Trochę nieprzytomnie zgodziłam się z nim i pożegnałam. W drodze do domu dręczyły mnie dosyć niepokojące rozmyślania; skoro idealizuję mężczyzn, czy to nie znaczy, że jestem wobec nich łatwowierna i bez problemu będą mogli mnie wykorzystać? A może już się to dzieje? Pomyślałam o częstych wizytach Alana. Rzeczywiście, nie byłam w stanie pomyśleć o nim nic złego, pewnie zgodziłabym się bez wahania na większość jego propozycji. Ale z drugiej strony trudno doszukiwać się w jego czynach jakichś złych zamiarów... Prawda? A jeszcze niedawno przecież wyraźnie irytował mnie tajemniczy sąsiad Dominik podczas swojej pierwszej, i jak sądzę, ostatniej wizyty w mojej kawalerce. Może to działa tylko przy głębszej relacji? A może najlepiej w ogóle się nad tym nie zastanawiać, bo z nadmiernego teoretyzowania nigdy nic dobrego nie wychodzi.

Sprawdziłam godzinę. Zamierzałam pójść pieszo, jednak czas mnie naglił, więc wsiadłam do nadjeżdżającego tramwaju. Jak zwykle w godzinach popołudniowych, było dosyć tłoczno. Jakoś zawsze męczyła mnie jazda komunikacją miejską, te wszystkie znudzone twarze, ocierające się o siebie ciała, nieprzyjemny zaduch i urywki głupkowatych rozmów. Autobusy to wylęgarnie plotek i mało ambitnych opowiastek treści wszelakiej – usłyszenie naprawdę ciekawej i sensownej rozmowy graniczy z cudem, a we mnie się wzbiera pogarda do wszechświata. Ciekawe, że spostrzegawczy psychoterapeuta nie zdiagnozował jeszcze manii wyższości, może za mało się staram. A może to zbyt typowe.
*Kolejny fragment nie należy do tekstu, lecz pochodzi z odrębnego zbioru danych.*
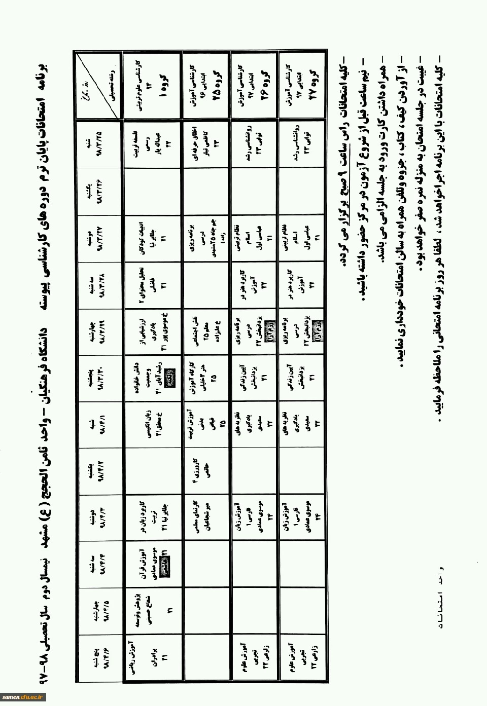 برنامه امتحانات پایان نیمسال دوم سال تحصیلی 97-98
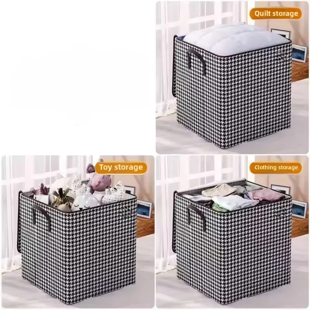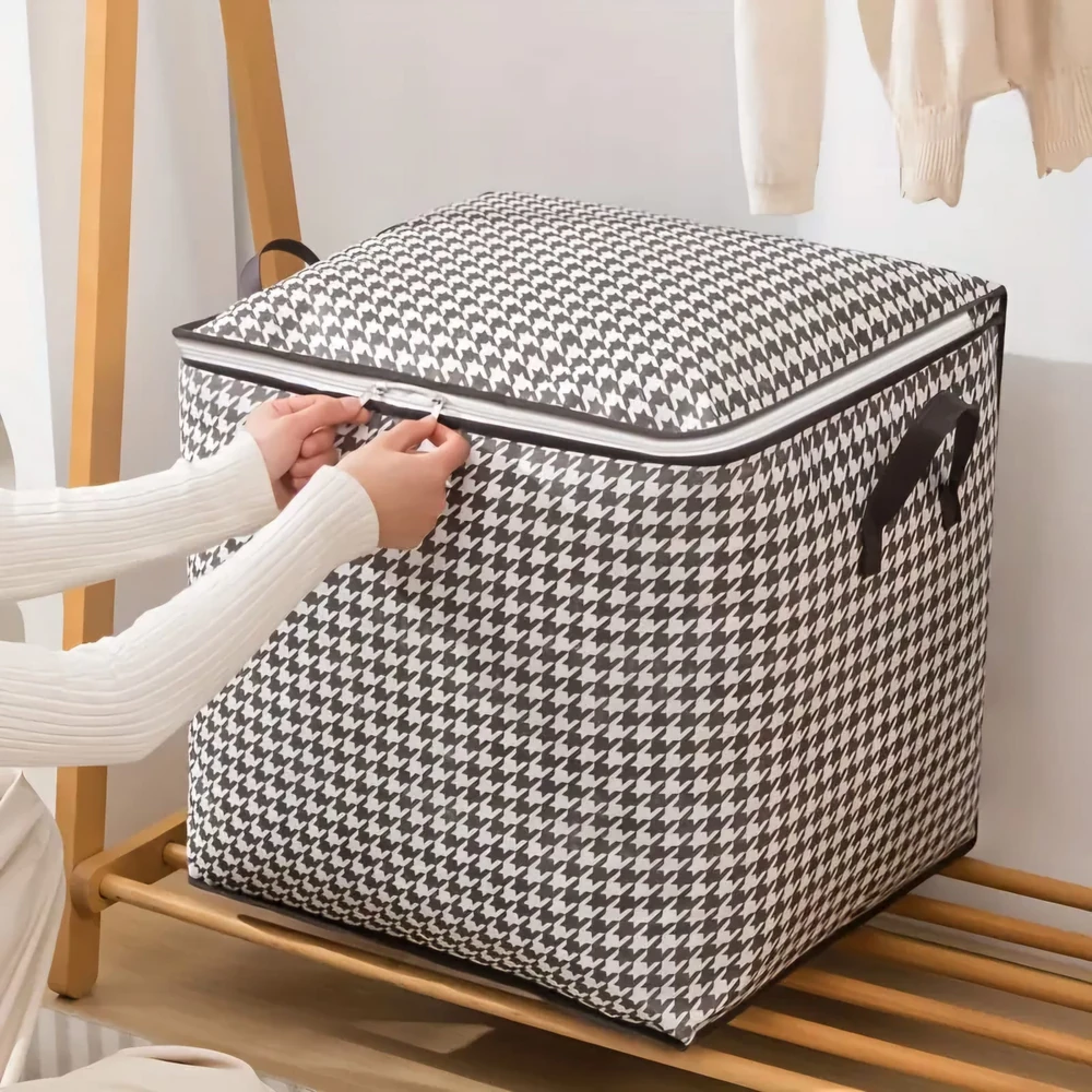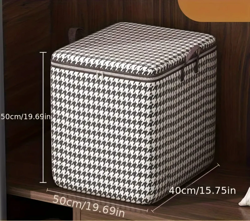 (Canasto de almacenamiento plegable, utilizado para guardar ropa, ropa de cama, o cualquier otro artículo que se desee proteger del polvo y la humedad. Su diseño plegable permite guardarlo fácilmente cuando no está en uso, ahorrando espacio. Además, su cierre asegura que el contenido se mantenga seguro y protegido).
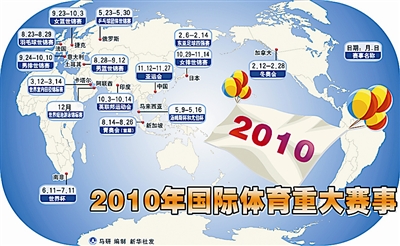 2010年是个体育赛事极其丰盛的年份。在这一年,让人翘首以盼的足球世界杯将在南非开战,而温哥华冬奥会在年初就会奉献火热的冰雪大戏。与此同时,各国运动健儿也会在新的奥运周期里继续努力,为两年后的伦敦奥运会蓄势。
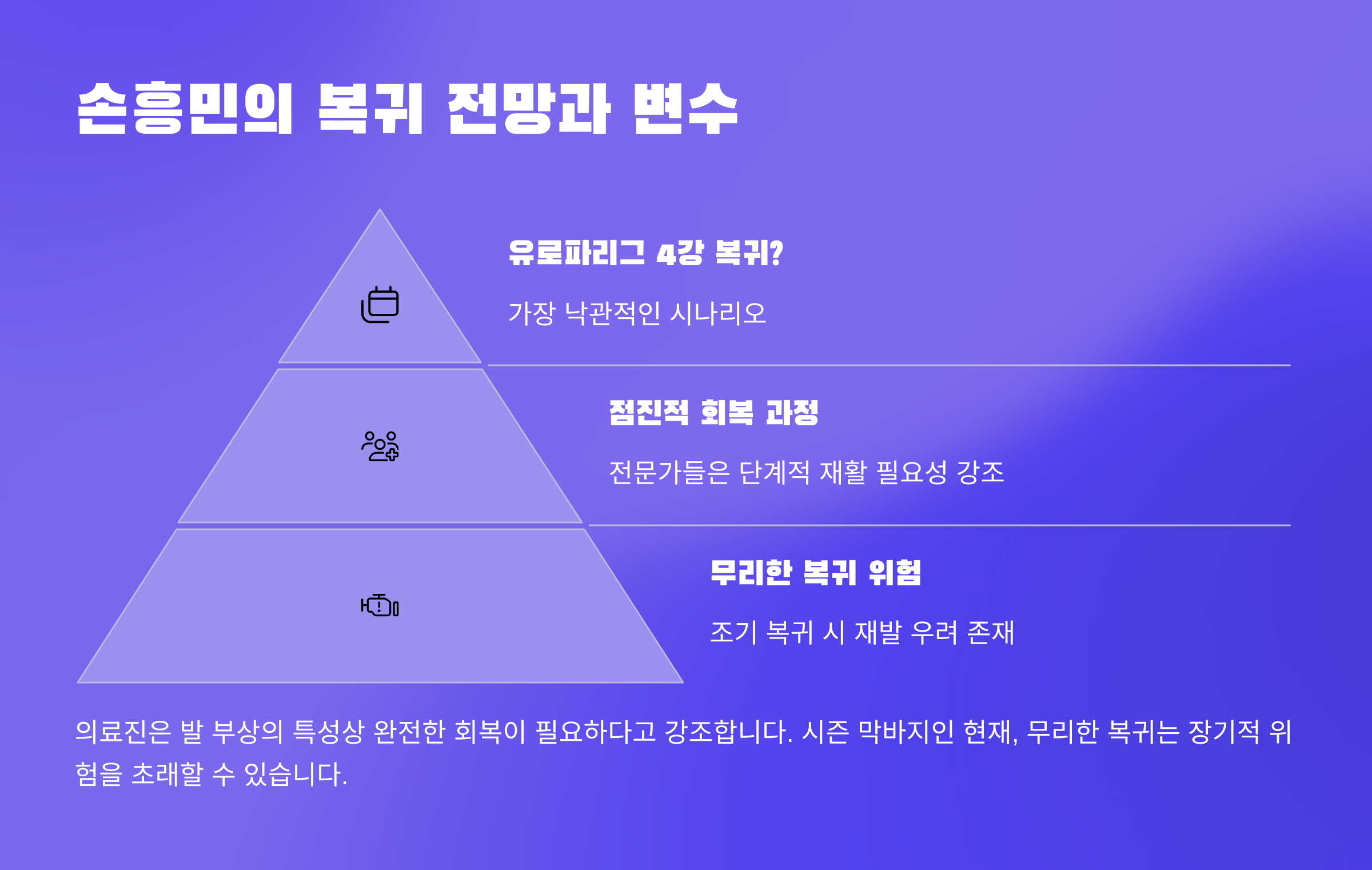 | Q. 손흥민 선수의 복귀 가능 시점은 어떻게 될까요? |
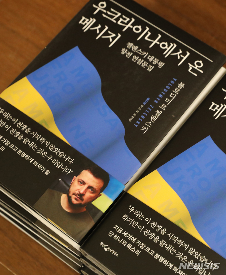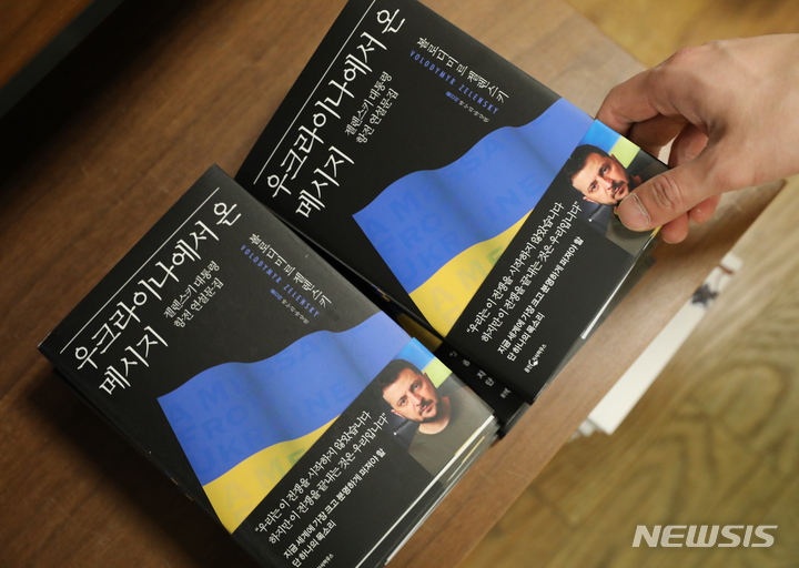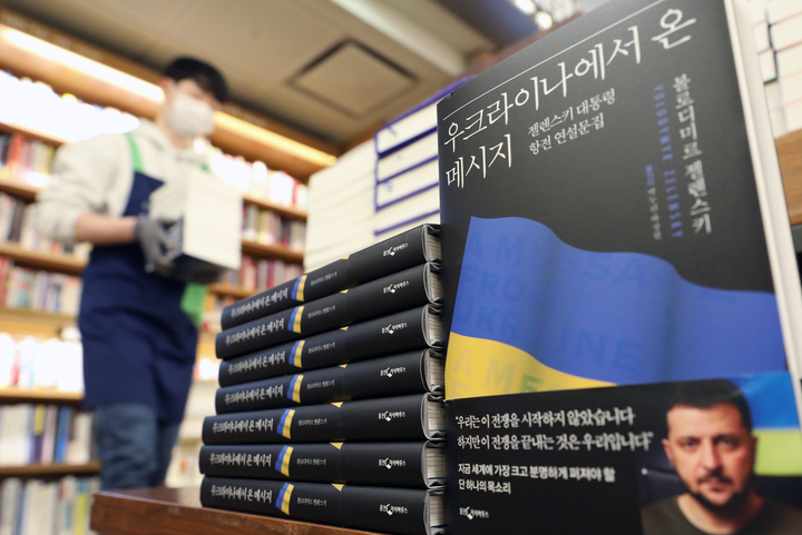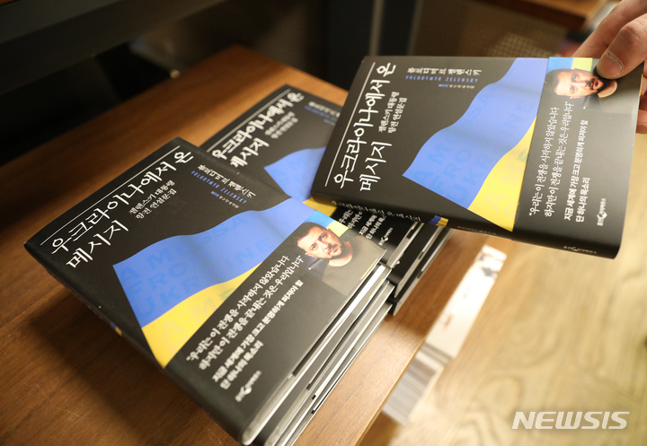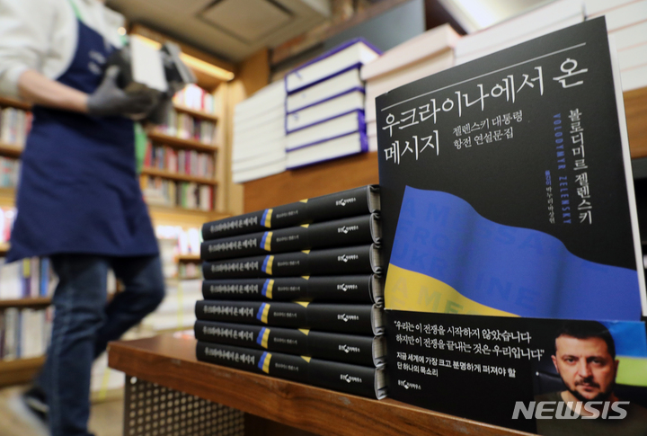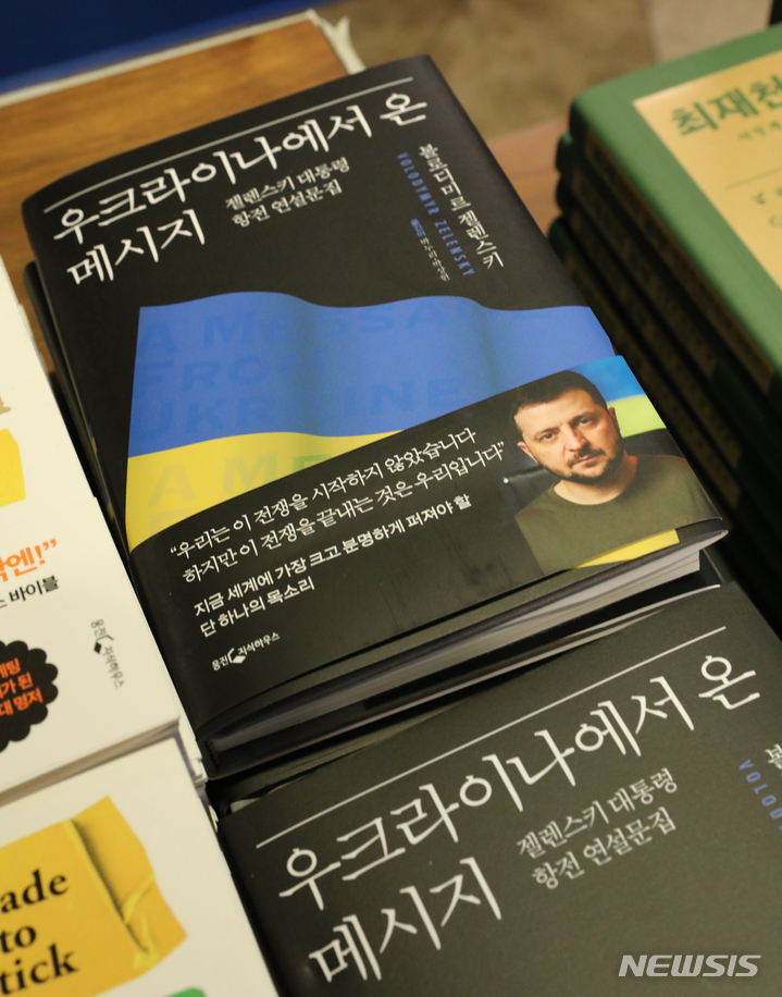 ソウル市内の書店に31日午前、ウクライナのウォロディミル・ゼレンスキー大統領の抗戦演説集『ウクライナから来たメッセージ』が並べられている様子。今回出版された韓国語版では、ペンギン・ランダムハウスから出た初版に3本の演説を追加し、計19本の演説が載っている。
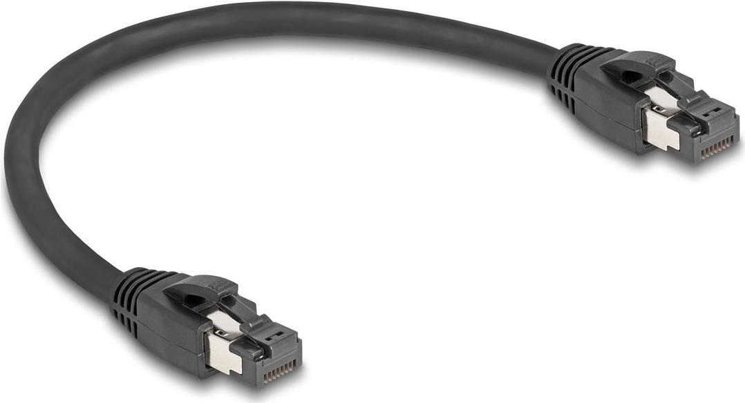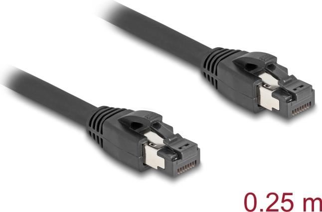 Delock - Netzwerkkabel - RJ-45 (S) zu RJ-45 (S) - 25cm - 7,5 mm - S/FTP - CAT 8,1 - ohne Haken, bis zu 40 Gbps Datentransferrate - Schwarz (80231)

Kiedy znalazłam się na miejscu, z ulgą opuściłam pojazd. Zawsze muszę przez chwilę postać na przystanku, żeby nabrać powietrza i pozbyć się poczucia niesmaku. Skierowałam się w stronę pubu, w którym umówiłam się z Alanem i Adrianną. Alan nalegał na to, żeby wyjść w końcu razem na miasto, a akurat odwołano nam zajęcia z następnego dnia więc w końcu nadarzyła się okazja. Zaproponował mu, żebyśmy zabrali też Adę, bo prawie w ogóle nie spędzałam z nią czasu poza uczelnią i bardzo z tego powodu ubolewałam – sprawiała wrażenie osoby, która nie lubi się narzucać swoją obecnością i nigdy nie zaproponowała mi spotkania. Była u mnie kilka razy, tylko i wyłącznie kiedy zaprosiłam ją na konkretną godzinę i z konkretnego powodu, ale za każdym razem nagle pojawiał się Alan i zachowywał, jakby był u siebie i być może to było powodem tego, że dziewczyna niedługo potem nagle przypominała sobie o jakiejś sprawie i uciekała. Miałam nadzieje, że wspólne spotkanie na neutralnym gruncie wyjdzie nam lepiej.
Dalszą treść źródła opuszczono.